Personal life
- Born: 1974 (age 51–52) Barcelona, Catalonia, Spain
- Education: Autonomous University of Barcelona International University of La Rioja University of Potsdam

Religious life
- Religion: Judaism
- Denomination: Conservative Judaism

Jewish leader
- Position: Rabbi
- Synagogue: Atid synagogue of Barcelona

= Irene Muzás =

First woman ordained as a rabbi in Spain (born 1974)

Irene Muzás Calpe (born 1974) is a Spanish philologist. In 2022 she was ordained the first woman rabbi in Spain.
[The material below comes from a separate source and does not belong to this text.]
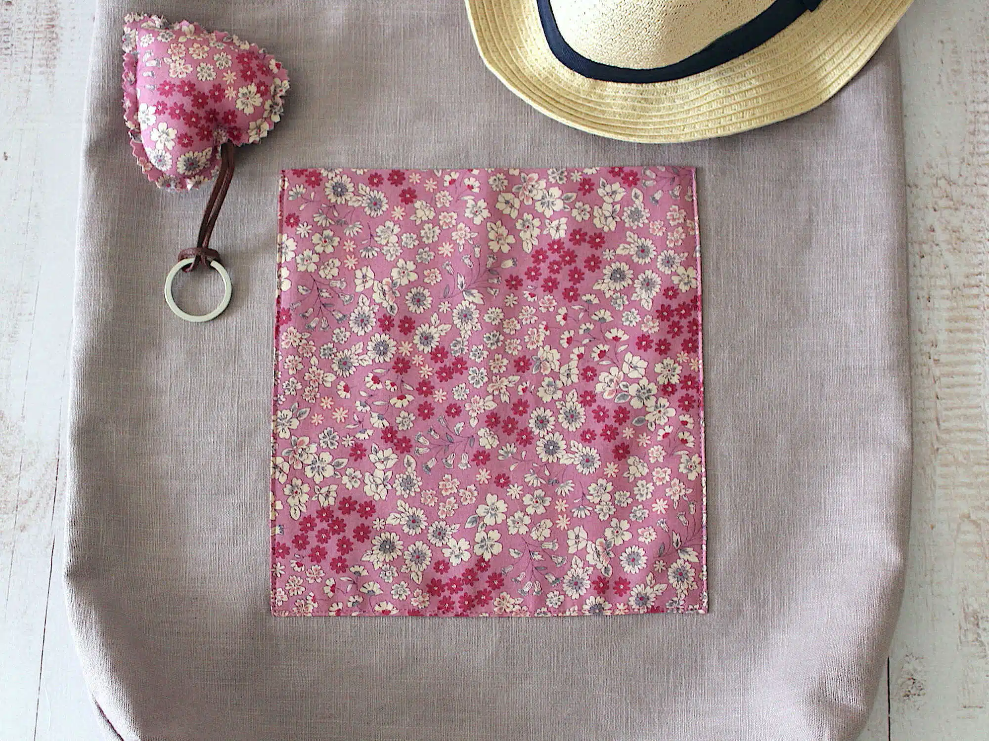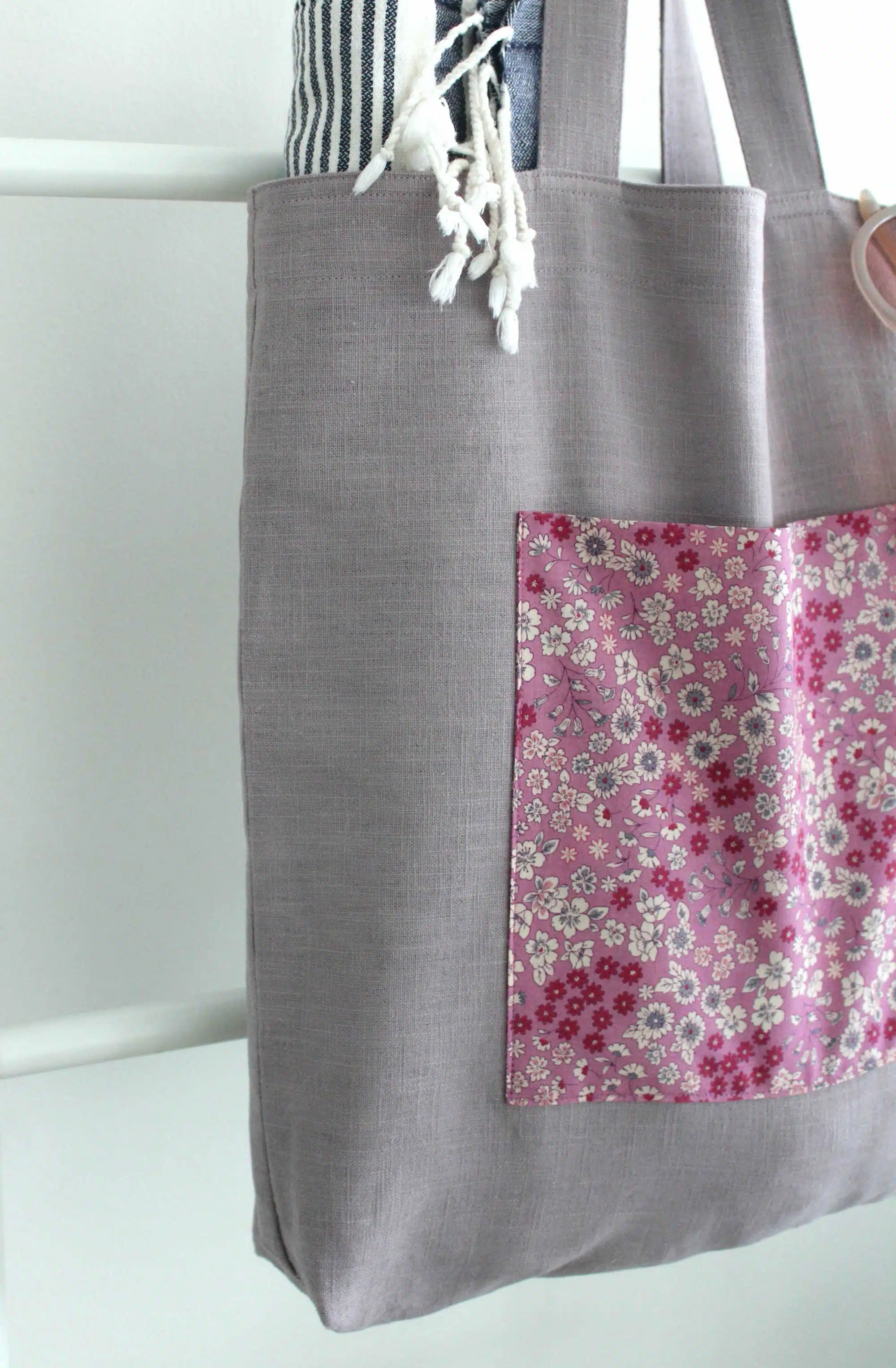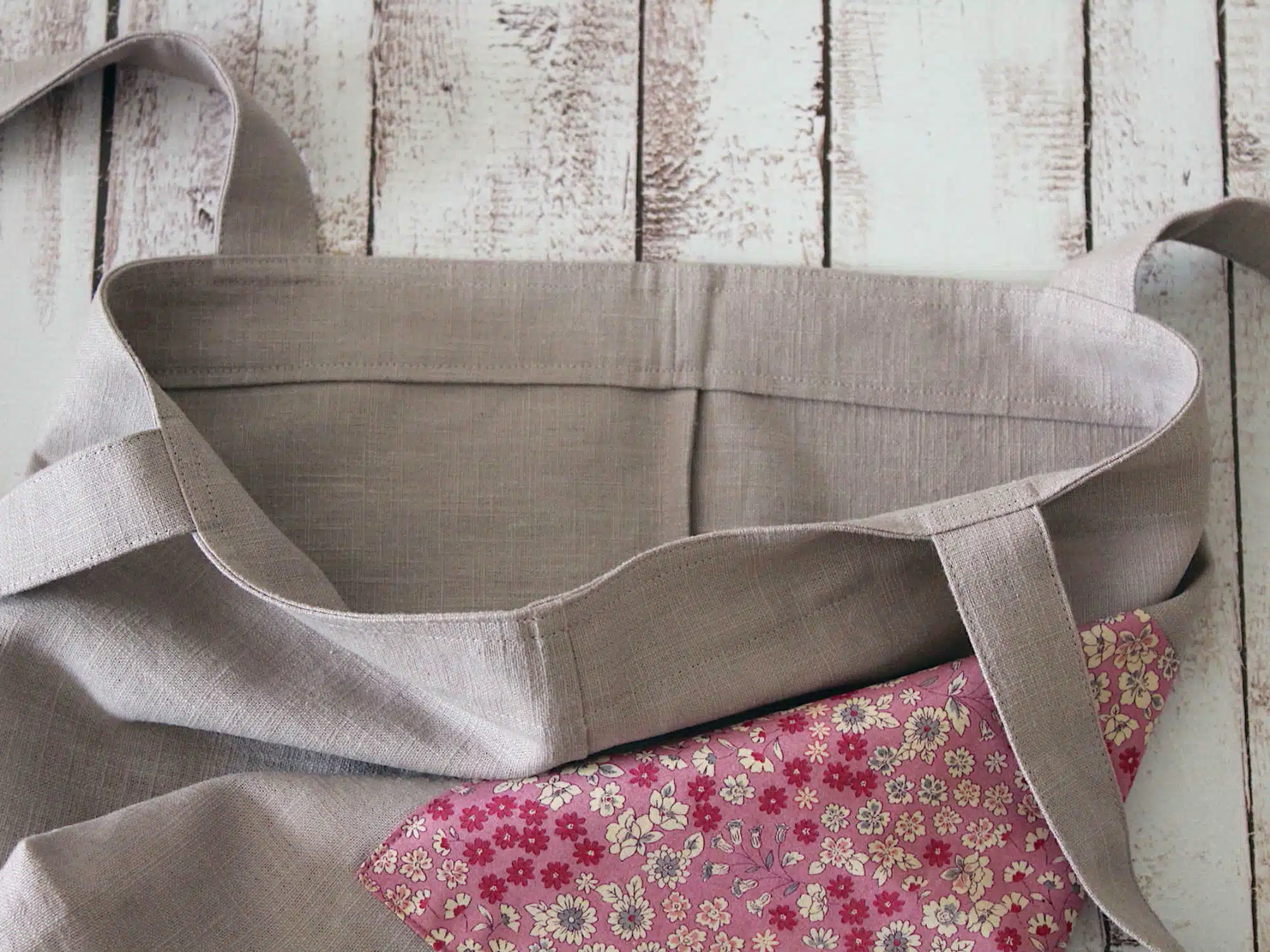 Sac tote en lin vieux rose avec poche extérieure en liberty.

==Early life and education==
Muzás was born in 1974 in Barcelona, Spain. She graduated in English language and literature from the Autonomous University of Barcelona, where she also completed a postgraduate degree in English Literature, and has further studied classical philology at the University of Barcelona and east Asian culture and society at the Open University of Catalonia. She also got a master's degree in education from the International University of La Rioja. She has worked as translator and English and Latin language teacher.

==Ordination==
She converted to Judaism in 2013, after having been fascinated by Judaism for years, studying Hebrew and attending a course on Jewish history and customs at the University of Barcelona. She joined the Atid community of Barcelona, from the Conservative Judaism denomination.

On 23 October 2022, she was ordained as Spain’s first female rabbi at the Zacharias Frankel College of the University of Potsdam, Germany, after defending her thesis on Lilith for the Jewish theology master's degree. In November 2022, Muzás took over as head of the Atid Synagogue in Barcelona following rabbi Stephen Berkowitz’s retirement.